HOW TO COMPLETE THIS TASK:
Omit all images, then repeat exactly the lines below from the one containing "长期以来,广东地区营收占比均" through the one containing "Mine shows the", both ends included.

PROVIDED ENTRIES:
----

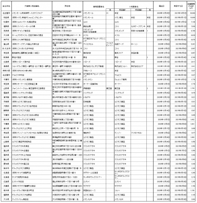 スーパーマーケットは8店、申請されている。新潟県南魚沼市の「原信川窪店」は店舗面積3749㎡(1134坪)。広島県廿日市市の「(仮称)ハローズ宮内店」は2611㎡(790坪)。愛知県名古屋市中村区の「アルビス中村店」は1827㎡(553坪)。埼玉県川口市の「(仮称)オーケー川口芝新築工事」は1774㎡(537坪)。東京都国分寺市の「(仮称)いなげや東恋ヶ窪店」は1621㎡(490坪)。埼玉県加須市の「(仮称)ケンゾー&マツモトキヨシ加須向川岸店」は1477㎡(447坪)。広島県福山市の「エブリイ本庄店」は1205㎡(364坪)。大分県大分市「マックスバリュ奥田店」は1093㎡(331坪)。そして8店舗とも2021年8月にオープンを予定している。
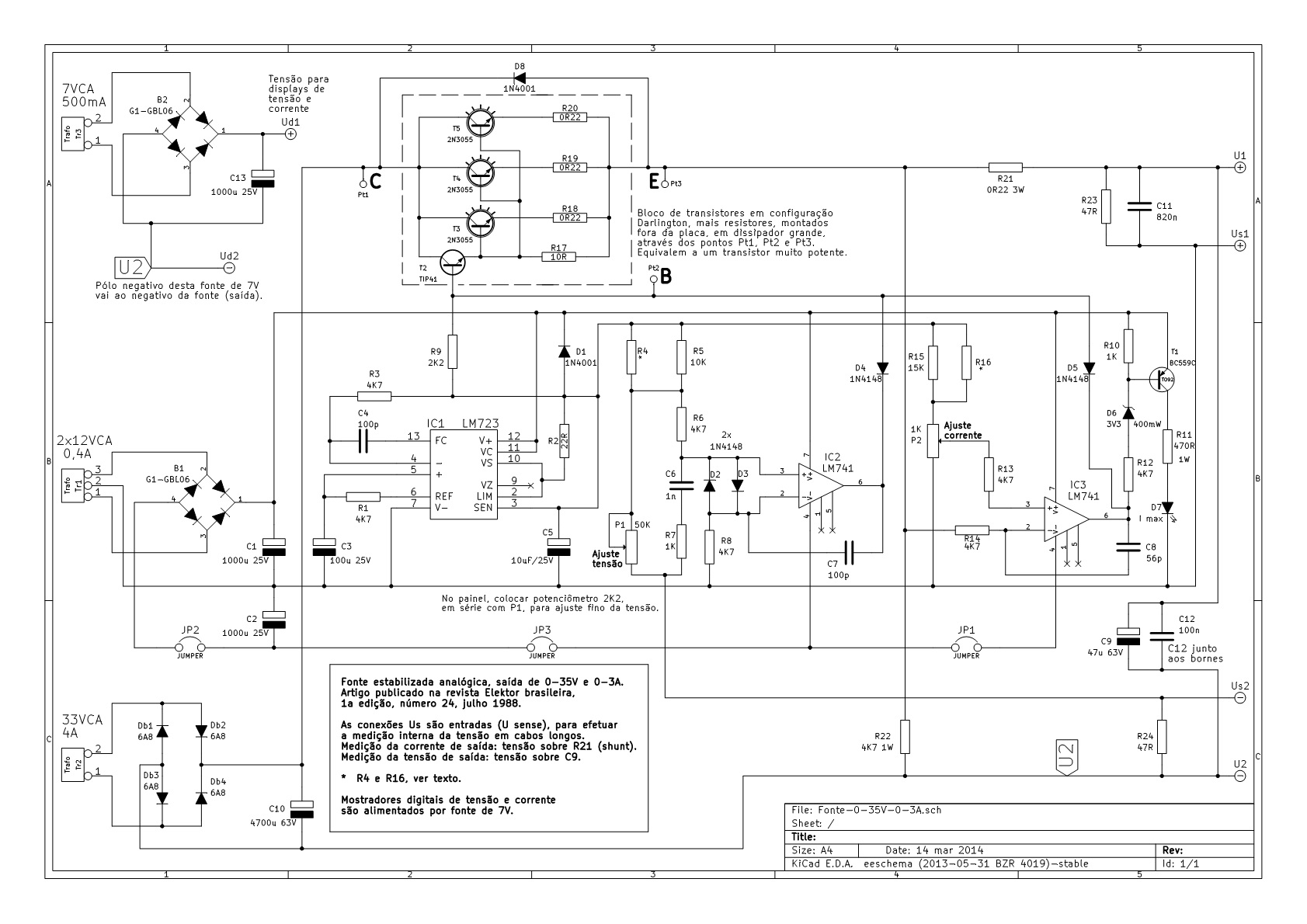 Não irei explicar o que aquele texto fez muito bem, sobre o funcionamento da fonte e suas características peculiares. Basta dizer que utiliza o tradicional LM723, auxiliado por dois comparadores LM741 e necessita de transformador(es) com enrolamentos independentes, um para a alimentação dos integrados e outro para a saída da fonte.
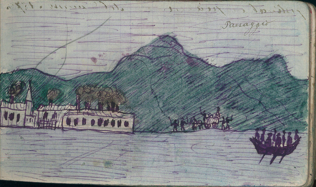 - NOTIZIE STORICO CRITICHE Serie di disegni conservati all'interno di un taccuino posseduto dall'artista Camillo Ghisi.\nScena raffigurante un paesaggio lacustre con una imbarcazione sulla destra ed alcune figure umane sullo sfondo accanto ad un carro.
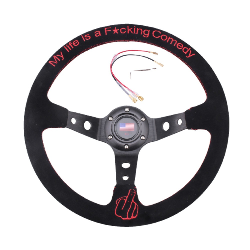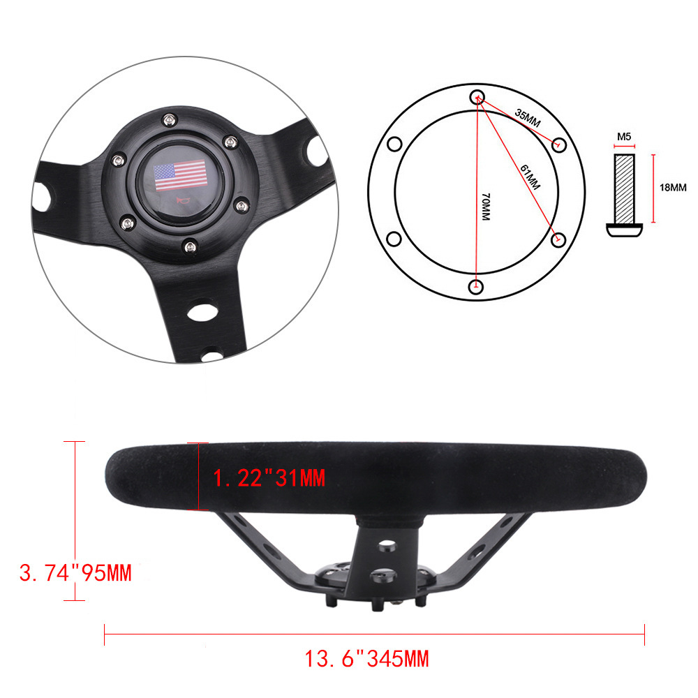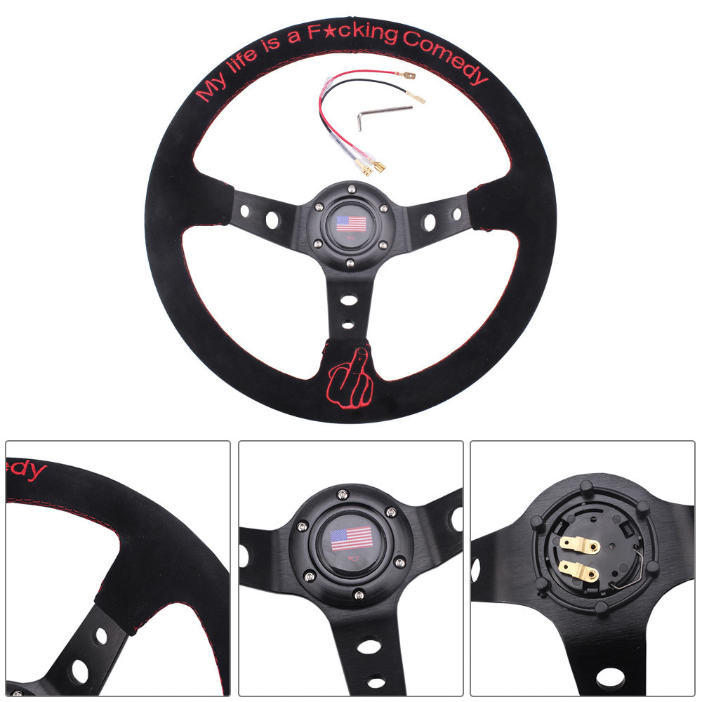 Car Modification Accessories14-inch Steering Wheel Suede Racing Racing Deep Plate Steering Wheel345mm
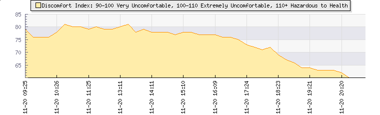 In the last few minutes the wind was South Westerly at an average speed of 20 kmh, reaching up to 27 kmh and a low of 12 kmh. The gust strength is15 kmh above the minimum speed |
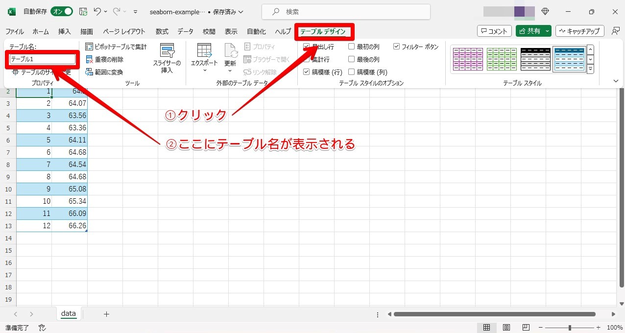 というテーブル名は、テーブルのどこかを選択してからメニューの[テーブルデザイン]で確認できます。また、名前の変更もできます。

----

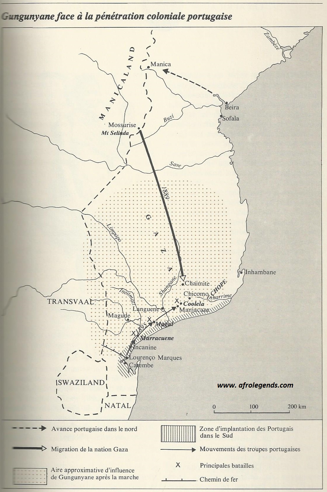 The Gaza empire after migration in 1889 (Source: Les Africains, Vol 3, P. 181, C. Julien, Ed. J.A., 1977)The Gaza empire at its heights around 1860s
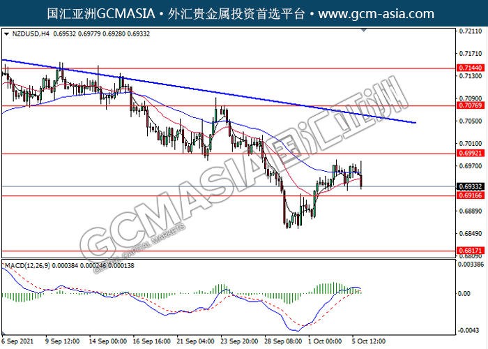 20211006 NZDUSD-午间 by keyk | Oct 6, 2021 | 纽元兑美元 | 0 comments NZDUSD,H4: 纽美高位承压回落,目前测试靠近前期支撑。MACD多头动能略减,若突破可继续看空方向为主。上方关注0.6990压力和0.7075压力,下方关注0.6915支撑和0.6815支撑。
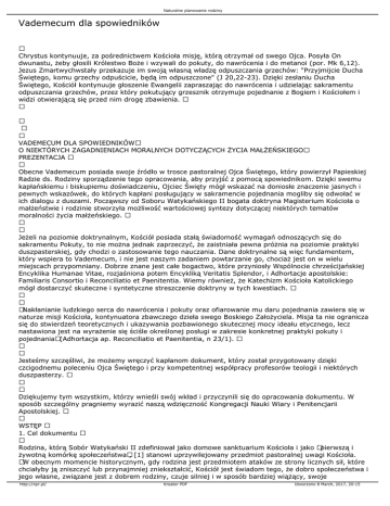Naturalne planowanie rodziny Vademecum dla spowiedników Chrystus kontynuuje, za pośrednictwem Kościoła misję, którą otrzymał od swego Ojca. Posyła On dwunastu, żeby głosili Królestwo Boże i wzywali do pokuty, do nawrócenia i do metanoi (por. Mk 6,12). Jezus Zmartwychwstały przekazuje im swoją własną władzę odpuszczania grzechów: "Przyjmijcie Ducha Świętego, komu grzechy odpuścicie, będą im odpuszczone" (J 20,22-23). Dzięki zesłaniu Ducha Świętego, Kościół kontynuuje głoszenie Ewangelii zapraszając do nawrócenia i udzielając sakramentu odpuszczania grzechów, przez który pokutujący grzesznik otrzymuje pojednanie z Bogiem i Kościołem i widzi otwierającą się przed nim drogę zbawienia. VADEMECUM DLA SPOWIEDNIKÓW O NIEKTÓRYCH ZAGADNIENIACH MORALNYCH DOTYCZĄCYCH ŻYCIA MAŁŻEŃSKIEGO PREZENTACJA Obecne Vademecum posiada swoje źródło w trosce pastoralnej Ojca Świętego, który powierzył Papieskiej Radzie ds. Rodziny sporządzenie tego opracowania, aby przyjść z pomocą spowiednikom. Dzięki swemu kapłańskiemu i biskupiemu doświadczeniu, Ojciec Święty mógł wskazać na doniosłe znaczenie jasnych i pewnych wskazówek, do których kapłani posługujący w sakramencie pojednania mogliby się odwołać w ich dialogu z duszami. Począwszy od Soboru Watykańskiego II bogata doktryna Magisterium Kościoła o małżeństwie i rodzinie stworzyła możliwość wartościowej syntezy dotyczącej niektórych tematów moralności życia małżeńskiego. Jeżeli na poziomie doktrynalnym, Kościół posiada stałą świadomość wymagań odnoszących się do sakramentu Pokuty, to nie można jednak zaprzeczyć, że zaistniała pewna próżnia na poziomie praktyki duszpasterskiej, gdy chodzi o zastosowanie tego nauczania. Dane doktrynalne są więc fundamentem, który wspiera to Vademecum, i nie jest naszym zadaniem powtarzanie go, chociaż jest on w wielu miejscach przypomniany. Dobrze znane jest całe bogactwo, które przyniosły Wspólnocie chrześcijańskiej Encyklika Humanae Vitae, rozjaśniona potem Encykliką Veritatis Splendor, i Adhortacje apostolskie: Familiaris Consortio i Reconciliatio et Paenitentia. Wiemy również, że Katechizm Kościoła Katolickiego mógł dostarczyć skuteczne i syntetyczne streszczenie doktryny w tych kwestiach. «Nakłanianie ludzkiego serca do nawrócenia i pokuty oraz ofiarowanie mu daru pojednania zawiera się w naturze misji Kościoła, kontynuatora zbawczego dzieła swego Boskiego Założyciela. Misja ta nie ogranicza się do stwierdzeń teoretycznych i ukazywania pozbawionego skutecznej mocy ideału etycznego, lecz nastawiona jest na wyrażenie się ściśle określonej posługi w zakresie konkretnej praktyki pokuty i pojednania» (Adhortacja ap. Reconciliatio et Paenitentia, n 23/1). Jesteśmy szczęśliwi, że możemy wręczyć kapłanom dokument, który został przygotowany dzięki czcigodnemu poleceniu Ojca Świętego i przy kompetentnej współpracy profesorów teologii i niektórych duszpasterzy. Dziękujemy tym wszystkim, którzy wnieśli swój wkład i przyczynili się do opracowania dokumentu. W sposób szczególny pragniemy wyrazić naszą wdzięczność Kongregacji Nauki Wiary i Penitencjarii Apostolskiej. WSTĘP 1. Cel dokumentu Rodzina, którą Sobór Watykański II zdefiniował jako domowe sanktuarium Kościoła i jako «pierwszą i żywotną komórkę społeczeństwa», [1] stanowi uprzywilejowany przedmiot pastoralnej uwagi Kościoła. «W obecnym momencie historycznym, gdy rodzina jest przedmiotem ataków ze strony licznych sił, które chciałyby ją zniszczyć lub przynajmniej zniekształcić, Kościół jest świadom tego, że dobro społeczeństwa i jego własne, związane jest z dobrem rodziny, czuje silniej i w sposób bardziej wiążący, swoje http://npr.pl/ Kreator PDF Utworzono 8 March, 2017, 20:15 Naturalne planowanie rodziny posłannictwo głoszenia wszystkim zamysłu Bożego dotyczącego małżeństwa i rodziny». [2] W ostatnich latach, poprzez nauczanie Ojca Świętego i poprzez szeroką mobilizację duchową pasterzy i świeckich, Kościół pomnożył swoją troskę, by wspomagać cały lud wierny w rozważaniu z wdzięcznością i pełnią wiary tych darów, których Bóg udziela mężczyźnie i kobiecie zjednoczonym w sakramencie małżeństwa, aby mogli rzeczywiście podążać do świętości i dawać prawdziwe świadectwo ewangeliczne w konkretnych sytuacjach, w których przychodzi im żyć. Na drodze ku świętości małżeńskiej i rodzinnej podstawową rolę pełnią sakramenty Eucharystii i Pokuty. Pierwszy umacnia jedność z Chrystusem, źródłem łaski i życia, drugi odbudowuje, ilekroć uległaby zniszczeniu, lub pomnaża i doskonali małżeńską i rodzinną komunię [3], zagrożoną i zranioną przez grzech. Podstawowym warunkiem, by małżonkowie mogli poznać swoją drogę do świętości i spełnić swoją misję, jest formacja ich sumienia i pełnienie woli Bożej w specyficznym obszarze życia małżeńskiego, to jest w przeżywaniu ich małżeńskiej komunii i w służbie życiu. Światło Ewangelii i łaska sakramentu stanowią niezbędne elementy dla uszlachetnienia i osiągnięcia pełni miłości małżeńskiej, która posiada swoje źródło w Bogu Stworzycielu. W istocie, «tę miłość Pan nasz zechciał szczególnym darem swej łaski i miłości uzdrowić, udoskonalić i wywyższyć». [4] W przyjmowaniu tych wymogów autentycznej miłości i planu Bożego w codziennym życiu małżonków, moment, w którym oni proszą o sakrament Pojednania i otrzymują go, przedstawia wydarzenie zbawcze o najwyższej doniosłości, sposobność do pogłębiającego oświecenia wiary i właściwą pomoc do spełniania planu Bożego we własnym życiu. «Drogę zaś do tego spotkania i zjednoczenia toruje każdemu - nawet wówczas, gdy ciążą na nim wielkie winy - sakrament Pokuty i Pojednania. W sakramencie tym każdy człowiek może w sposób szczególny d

----

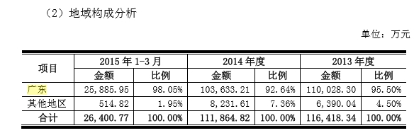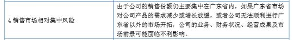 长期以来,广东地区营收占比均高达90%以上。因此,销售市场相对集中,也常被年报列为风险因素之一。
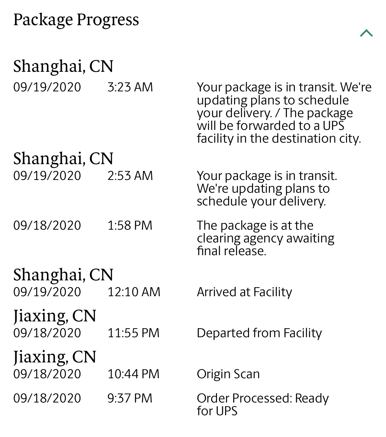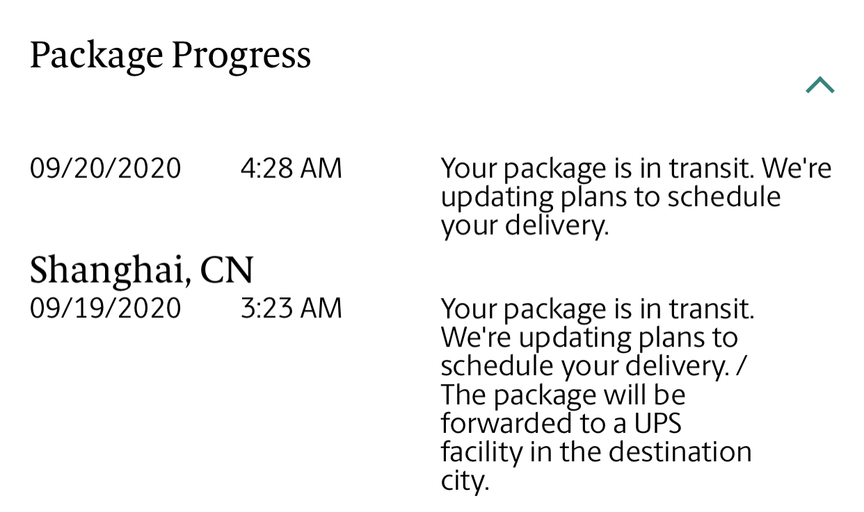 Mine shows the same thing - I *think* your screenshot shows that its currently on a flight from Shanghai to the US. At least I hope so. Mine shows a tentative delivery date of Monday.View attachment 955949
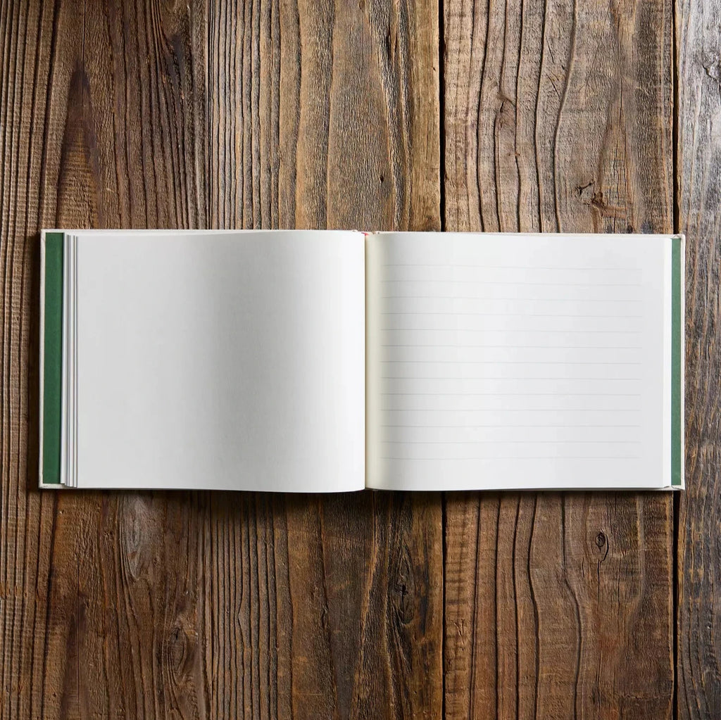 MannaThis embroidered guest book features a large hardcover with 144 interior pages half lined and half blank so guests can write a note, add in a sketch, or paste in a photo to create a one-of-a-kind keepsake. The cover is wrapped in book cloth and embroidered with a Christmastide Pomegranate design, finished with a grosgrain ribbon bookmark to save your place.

----

EXERCISE RESPONSE:
 长期以来,广东地区营收占比均高达90%以上。因此,销售市场相对集中,也常被年报列为风险因素之一。
 Mine shows the same thing - I *think* your screenshot shows that its currently on a flight from Shanghai to the US. At least I hope so. Mine shows a tentative delivery date of Monday.View attachment 955949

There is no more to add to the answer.